# can i buy points for travel



## guest shopper (Mar 30, 2009)

I am going to fly to cali and take the train back with my 7 month son to ny. Now I want to get sleeper but I figure it would lot cheaper if I had points . So how do I buy points so I can upgrade to sleeper?


----------



## AlanB (Mar 30, 2009)

Unfortunately you can't buy enough points for a coast to coast sleeper. The maximum amount of points that you can buy in one year is 10,000, and a sleeper costs 35,000 coast to coast. So unless you've already got a bunch of AGR points saved up, or can transfer some in from another program, you won't be able to do this.


----------



## RRrich (Mar 30, 2009)

guest shopper said:


> I am going to fly to cali and take the train back with my 7 month son to ny. Now I want to get sleeper but I figure it would lot cheaper if I had points . So how do I buy points so I can upgrade to sleeper?


Wasn't there a guy here trying to get rid of some AGR points? was his name fiat-fiat??


----------



## the_traveler (Mar 31, 2009)

If you have extra miles in CO OnePass, they transfer to AGR at a rate of 1 mile:1 point! But the transfer must be in blocks of 5,000 miles only (5K, 10K, 15K, etc...)..


----------



## Bigval109 (Apr 16, 2009)

AlanB said:


> Unfortunately you can't buy enough points for a coast to coast sleeper. The maximum amount of points that you can buy in one year is 10,000, and a sleeper costs 35,000 coast to coast. So unless you've already got a bunch of AGR points saved up, or can transfer some in from another program, you won't be able to do this.


What happens when you reach the 10000 point limit and you need another 1000 to get your reward trip? Will the computer reget your purchase and credit back your account?


----------



## ALC Rail Writer (Apr 16, 2009)

Bigval109 said:


> AlanB said:
> 
> 
> > Unfortunately you can't buy enough points for a coast to coast sleeper. The maximum amount of points that you can buy in one year is 10,000, and a sleeper costs 35,000 coast to coast. So unless you've already got a bunch of AGR points saved up, or can transfer some in from another program, you won't be able to do this.
> ...


I think it sends an email saying "take the Acela"


----------



## Bigval109 (Jul 17, 2009)

ALC_Rail_Writer said:


> Bigval109 said:
> 
> 
> > AlanB said:
> ...


that was not funny. I really needed to know.


----------



## the_traveler (Jul 17, 2009)

Bigval109 said:


> What happens when you reach the 10000 point limit and you need another 1000 to get your reward trip? Will the computer reget your purchase and credit back your account?

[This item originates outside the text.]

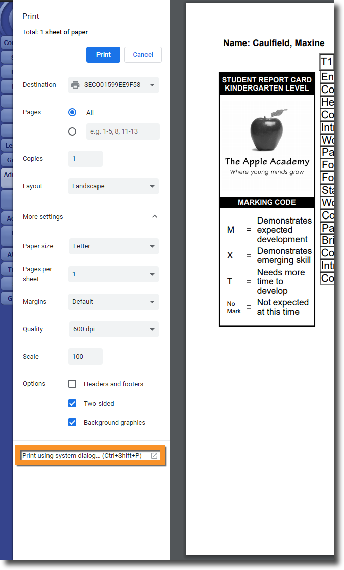 To print a two-sided report card in Chrome, you will need to first open the Print menu and then select Print using system dialogue...

I am not certain, but I think the computer knows when you have reached the 10,000 per *calendar year* limit.

But here's a hint: 

You can buy 10,000 points on Dec 31, 2009 at 11 PM and 10,000 points on Jan 1, 2010 at 1 AM!  (Your purchases are in 2 different calendar years!)


----------



## sky12065 (Jul 17, 2009)

Bigval109 said:


> ALC_Rail_Writer said:
> 
> 
> > Bigval109 said:
> ...


If you haven't bought any of the points yet, you can purchase 10,000 points for a limited time and you'll get a 10% bonus. This would give you the extra 1000. If you have already bought points, then I think you're out of luck!


----------



## ALC Rail Writer (Jul 18, 2009)

The cheapest way to get points is to (barring the AGR Mastercard ect.) is to travel.

And I still think my answer was funny, and appropriate.


----------



## Upstate (Jul 18, 2009)

ALC_Rail_Writer said:


> The cheapest way to get points is to (barring the AGR Mastercard ect.) is to travel.


...on Continental


----------



## AlanB (Jul 18, 2009)

I'm not sure just how they would stop you, but since they have a limit I'm pretty sure that they do enforce it.

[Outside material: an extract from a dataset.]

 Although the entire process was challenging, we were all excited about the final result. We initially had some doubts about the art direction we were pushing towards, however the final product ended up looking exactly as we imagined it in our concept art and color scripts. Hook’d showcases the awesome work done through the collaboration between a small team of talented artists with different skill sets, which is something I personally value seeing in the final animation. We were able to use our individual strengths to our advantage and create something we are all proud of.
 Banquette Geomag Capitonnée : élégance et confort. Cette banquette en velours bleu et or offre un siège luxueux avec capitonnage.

However, if you are short just 1,000 points, have a friend/spouse/family member gift you 1,000 points. You are allowed to receive 10,000 gift points in addition to your buying 10,000 yourself.


----------



## MrFSS (Jul 18, 2009)

AlanB said:


> I'm not sure just how they would stop you, but since they have a limit I'm pretty sure that they do enforce it.
> However, if you are short just 1,000 points, have a friend/spouse/family member gift you 1,000 points. You are allowed to receive 10,000 gift points in addition to your buying 10,000 yourself.


Is there a charge for doing that?


----------



## the_traveler (Jul 18, 2009)

There is no charge. What is done is person A buys points for person B's AGR account. However, I am confused! :blink: (That's not very hard to do!  )

The rules say that you can buy up to 10,000 points in a calendar year. It also says an account can receive up to 10,000 points per calendar year. So does that mean an account can get 10,000 points total, or can you buy 10,000 points and your friend can buy 10,000 points for your account - for a total increase of points in your account of 20,000 points? :huh:


----------



## spot1181 (Jul 18, 2009)

Mrs. spot and I each bought 10,000 points and wanted to buy each other 10,000, but your limit per year is 10,000 from any source except their bonus points.


----------



## Rail Freak (Jul 18, 2009)

spot1181 said:


> Mrs. spot and I each bought 10,000 points and wanted to buy each other 10,000, but your limit per year is 10,000 from any source except their bonus points.



The way I read the rule, is you can buy or receive 10,000 pt.s per calendar year (TOTAL)! I Hope I'm Wrong But...?????

RF


----------



## Bigval109 (Jul 19, 2009)

sky12065 said:


> Bigval109 said:
> 
> 
> > ALC_Rail_Writer said:
> ...


I just found out that I had already purchased 9000 points. So I can buy the 1000 I need. Thanks You can scrool back to Jan. to view your transactions.


----------



## sky12065 (Jul 19, 2009)

Bigval109 said:


> sky12065 said:
> 
> 
> > Bigval109 said:
> ...


I think your question has already been answered, but if I'm understanding it correctly you should be able to buy the 1000 and if you do so by the end of the bonus period (in August sometime I think) you should get and additional bonus of 100 points in addition to the 1000.

On Edit: WHoops! Sorry, I thought you were asking a question whereas you were making a statement. You should still get the 100 point bonus if you buy the 1000 points by August 31st.


----------